--- Listed entries Enclosed Below ---

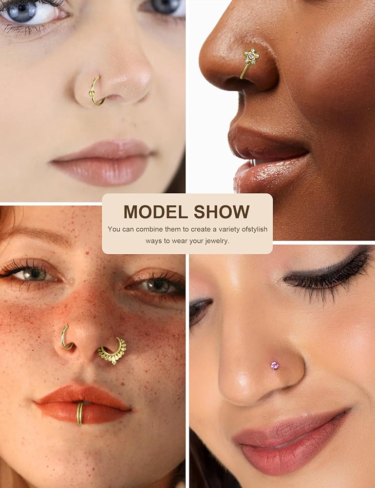 مجوهرات عصرية - تتميز مجوهرات حلقات الأنف هذه بأنها أنيقة ورقيقة، وسهلة الإدخال والإزالة، ومناسبة للارتداء اليومي والحفلات. ارتداء هذه المجوهرات الدائرية للأنف سيجعلك أكثر جاذبية.
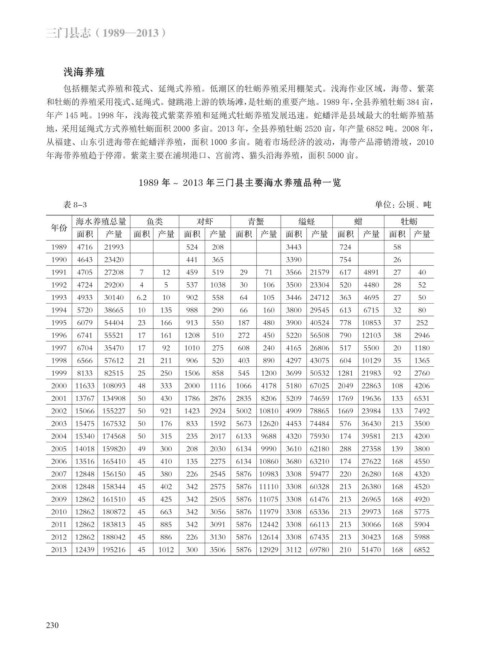 地,采用延绳式方式养殖牡蛎面积 2000 多亩。2013 年,全县养殖牡蛎 2520 亩,年产量 6852 吨。2008 年,
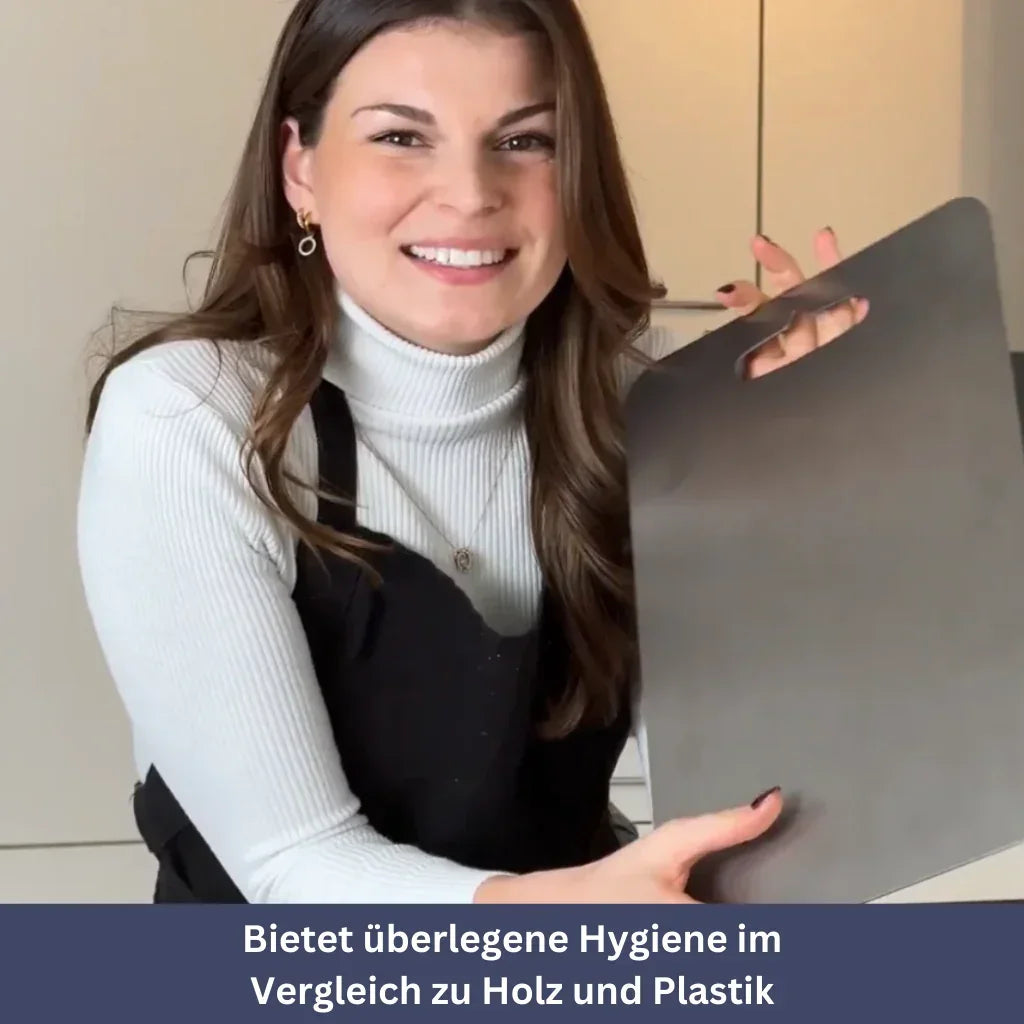 Im Vergleich zu Plastik, das oft schädliche Chemikalien wie BPA enthält, oder Holz, das Bakterien und Schimmel aufnehmen kann, stellt das TitanElite Schneidebrett eine hygienische und langlebige Alternative dar.
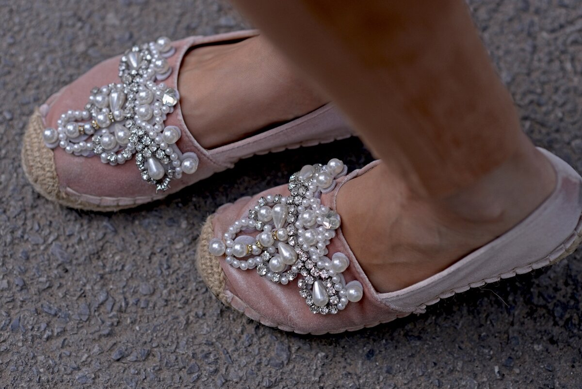 Не знаю, как у вас, у меня возникает именно такая ассоциация, когда смотрю на эти эспадрильи😆 наверное, кто-то в детстве много смотрел диснеевских мультфильмов🙈 Мама говорит, что я сорока😆 кидаюсь покупать все блестящее))) на самом деле, это неправда, но мимо этой пары пройти я просто не смогла! Ну посмотрите сами, какие же они красивые и мягкие! Это видно невооруженным глазом 😉 Покупала по этой ссылке Материал верха - мягкая бархатная ткань. Она теплая, так что в 30-градусную жару такую обувь не оденешь, а вот весной в сухую погоду - самое оно. Носок дополнительно укреплен и одновременно декорирован чем-то вроде плетеной бечевки светлого соломенного цвета, так сделано на многих мягких эспадрильях. Ну и, конечно, изюминка этой пары обуви - россыпь бусин и страз 💎 необыкновенно красиво и нежно ❤ Бусины пришиты надёжно и аккуратно. Я уже проносила эти лоферы целый сезон, ничегошеньки не отлетело! Единственное, чего посоветую не делать - не садиться в такой обуви за руль😩 не по
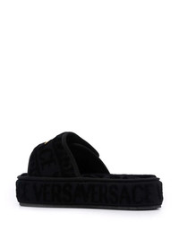 Versace Allover slippers Highlights - Black - Medusa head motif - All-over embossed logo print - Open toe - Front touch-strap fastening - Platform sole Made in Italy Composition Sole: Rubber 100% Outer: Fabric 100% Lining: Fabric 100%
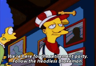 We're here for the retirement party. Follow the Headless Brakeman. Power plant retirement party-- Ow!-- right this way. Tonight, we've all come to honor a close friend of ours. Boring!
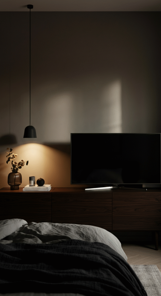 This design works well for bedrooms where you want a cozy, moody vibe. It also helps the TV blend better, since dark wood reduces the harsh contrast of a black screen.
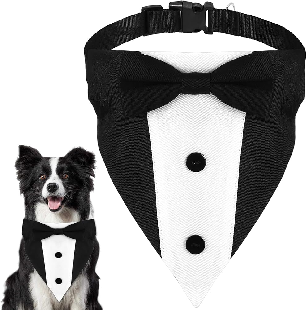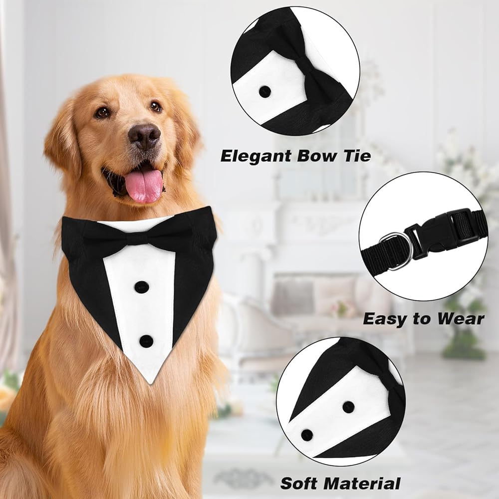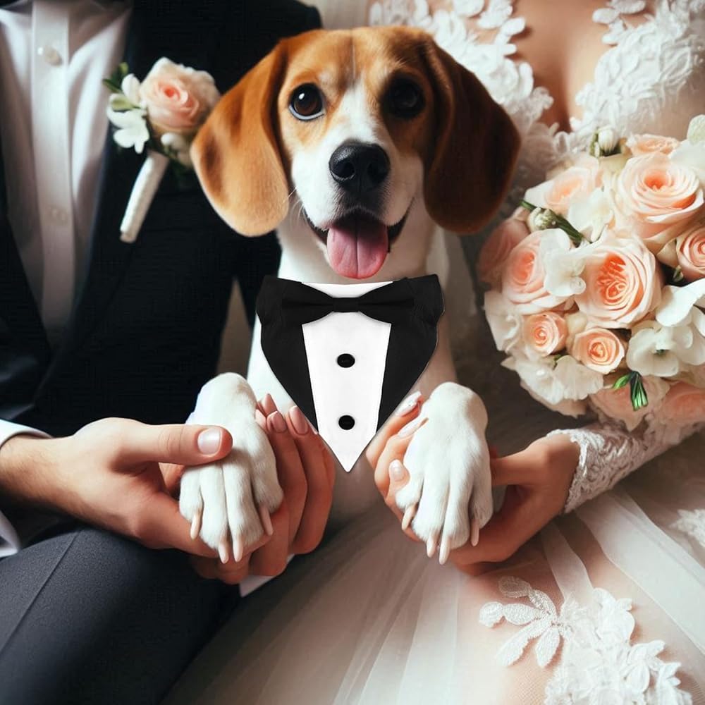 Qianyu Formal Dog Tuxedo Dog Wedding Bandana Collar Suit Outfit with Bow Tie Engagement Birthday Tuxedo Adjustable Dog Tux Formal Engagement Birthday Costumes for Small Medium Large Pets
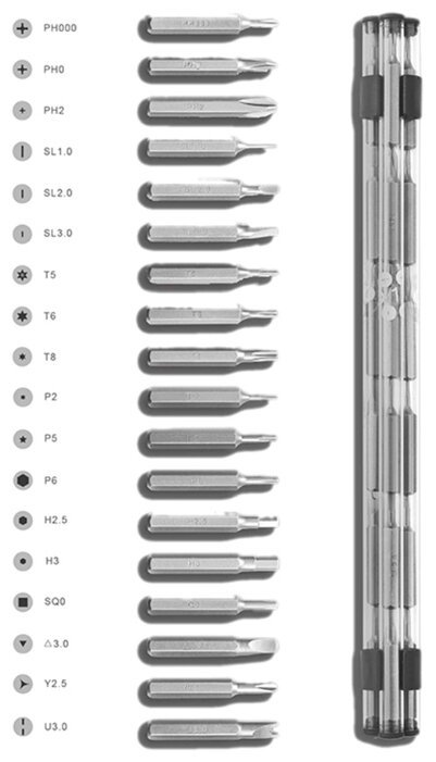 Насадки надежно держатся на отвертке за счет мощного магнита. Также это упрощает смену насадок.
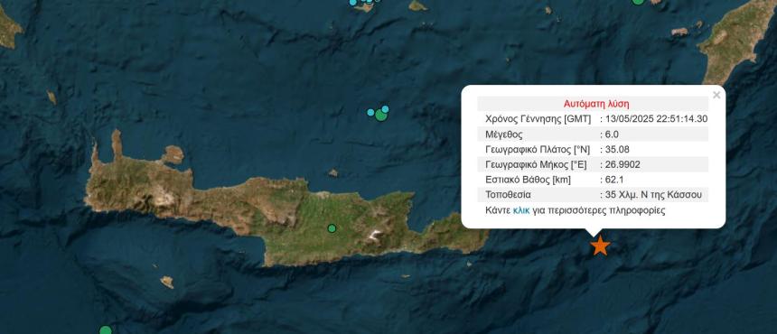 ΚΡΗΤΗ 14.05.2025 01:59Κρήτη: Ισχυρός σεισμος 6 Ρίχτερ Ρέθεμνος Newsroom Facebook Twitter Copy link 0 Ισχυρή σεισμική δόνηση σημειώθηκε τα ξημερώματα της Τετάρτης στη θαλάσσια περιοχή ανατολικά της Κρήτης και νότια της Καρπάθου, λίγα λεπτά πριν από τις 2, με τις πρώτες εκτιμήσεις του Γεωδυναμικού Ινστιτούτου να κάνουν λόγο για μέγεθος 6 Ρίχτερ. 0 Facebook Twitter Copy link ΣΧΕΤΙΚΑ ΑΡΘΡΑ Κρήτη 14.12.2025 19:53Άκαρπες οι έρευνες για τον 33χρονο γιατρό του Βενιζέλειου - Στο «κόκκινο» η αγωνία της οικογένειάς του Κρήτη 14.12.2025 19:52Χρυσοχοΐδης: «Η ΕΛΑΣ δεν έχει πλαστικές σφαίρες» – Νέες συλλήψεις προ των πυλών για την υπόθεση ΟΠΕΚΕΠΕ Κρήτη 14.12.2025 19:50Οι κατηγορίες που άσκησε η Ευρωπαική Εισαγγελία στους 15 από την Κρήτη για το σκάνδαλο ΟΠΕΚΕΠΕ Κρήτη 14.12.2025 19:47ΕΛΜΕ Ρεθύμνου: Κάλεσμα στην απεργιακή συγκέντρωση την Τρίτη 16 Δεκεμβρίου
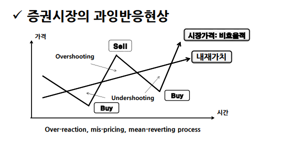 3.평균반전현상(Mean-Reverting) 단기적으로 비효율적이나, 장기적으로 효율적이므로 결국 평균반전된다는 의미
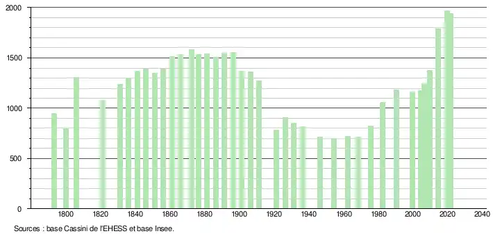L'évolution du nombre d'habitants est connue à travers les recensements de la population effectués dans la commune depuis 1793. Pour les communes de moins de 10 000 habitants, une enquête de recensement portant sur toute la population est réalisée tous les cinq ans, les populations légales des années intermédiaires étant quant à elles estimées par interpolation ou extrapolation[38]. Pour la commune, le premier recensement exhaustif entrant dans le cadre du nouveau dispositif a été réalisé en 2004[39].

--- End of Enclosed Listed entries ---

Exercise brief: No pictures go in the copy. Output exactly the lines from the line containing "Насадки надежно держатся" through the end of the listing above.

Result of this task:
 Насадки надежно держатся на отвертке за счет мощного магнита. Также это упрощает смену насадок.
 ΚΡΗΤΗ 14.05.2025 01:59Κρήτη: Ισχυρός σεισμος 6 Ρίχτερ Ρέθεμνος Newsroom Facebook Twitter Copy link 0 Ισχυρή σεισμική δόνηση σημειώθηκε τα ξημερώματα της Τετάρτης στη θαλάσσια περιοχή ανατολικά της Κρήτης και νότια της Καρπάθου, λίγα λεπτά πριν από τις 2, με τις πρώτες εκτιμήσεις του Γεωδυναμικού Ινστιτούτου να κάνουν λόγο για μέγεθος 6 Ρίχτερ. 0 Facebook Twitter Copy link ΣΧΕΤΙΚΑ ΑΡΘΡΑ Κρήτη 14.12.2025 19:53Άκαρπες οι έρευνες για τον 33χρονο γιατρό του Βενιζέλειου - Στο «κόκκινο» η αγωνία της οικογένειάς του Κρήτη 14.12.2025 19:52Χρυσοχοΐδης: «Η ΕΛΑΣ δεν έχει πλαστικές σφαίρες» – Νέες συλλήψεις προ των πυλών για την υπόθεση ΟΠΕΚΕΠΕ Κρήτη 14.12.2025 19:50Οι κατηγορίες που άσκησε η Ευρωπαική Εισαγγελία στους 15 από την Κρήτη για το σκάνδαλο ΟΠΕΚΕΠΕ Κρήτη 14.12.2025 19:47ΕΛΜΕ Ρεθύμνου: Κάλεσμα στην απεργιακή συγκέντρωση την Τρίτη 16 Δεκεμβρίου
 3.평균반전현상(Mean-Reverting) 단기적으로 비효율적이나, 장기적으로 효율적이므로 결국 평균반전된다는 의미
L'évolution du nombre d'habitants est connue à travers les recensements de la population effectués dans la commune depuis 1793. Pour les communes de moins de 10 000 habitants, une enquête de recensement portant sur toute la population est réalisée tous les cinq ans, les populations légales des années intermédiaires étant quant à elles estimées par interpolation ou extrapolation[38]. Pour la commune, le premier recensement exhaustif entrant dans le cadre du nouveau dispositif a été réalisé en 2004[39].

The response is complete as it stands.